Yoga scriptures, such as the Bhagavad Gita in Hinduism, masterfully reframe human addiction, by systematically identifying how the generic human mind works. In the Gita, Sri Krishna explains to his disciple Arjuna:

Thinking about sense-objects
Will attach you to sense-objects;
Grow attached, and you become addicted;
Thwart your addiction, it turns to anger.
Be angry and you confuse your mind;
Confuse your mind,
you forget the lesson of experience;
Forget experience, you lose discrimination.
Lose discrimination,
and you miss life’s only purpose.

For example, suppose we are out walking and spot an expensive watch in a shop window. Naturally we admire and appreciate the precision of such a fine piece of jewellery. That appreciation matures into the desire to possess it. Next our mind begins to calculate how to possess it, based on a stockpile of past habits, samskaras.
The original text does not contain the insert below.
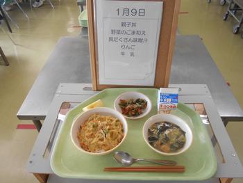 【給食】今日のメニューは、親子丼、野菜のごま和え、具だくさん味噌汁、りんごでした。

One person might think: ‘Let me take out my savings to pay for it.’ Another might think: ‘Let me borrow some money from a friend.’ And yet another may try to devise a scam in order to buy it. All the while, we are saturating our self with desire, filling the chitta with the craving to call the watch ‘my own’. We thus become infatuated and enslaved by the watch.

The first casualty is when rationality is thrown out the window ― when my chitta belongs to the object of my desire. Then no more am I the master of myself; I have mortgaged myself to the vritti: ‘I must have the watch. No, I’m entitled to it!’ The object has taken total control of my being. And discrimination has vanished. What is the solution? Yoga psychology tells us to ignore such thoughts. Don’t pay attention; don’t show interest. Cognitive behaviour therapy would call this ‘refocusing’. For example, suppose we are walking down the street, and out of the corner of our eye we see a stray cat on the sidewalk.

If we keep walking, the cat sits still and watches us. But as soon as we turn and look at the cat, the cat begins to follow us. Desires are like that; if we ignore them, they diminish and eventually disappear; but if we pay attention or show interest, they hook themselves to our mind.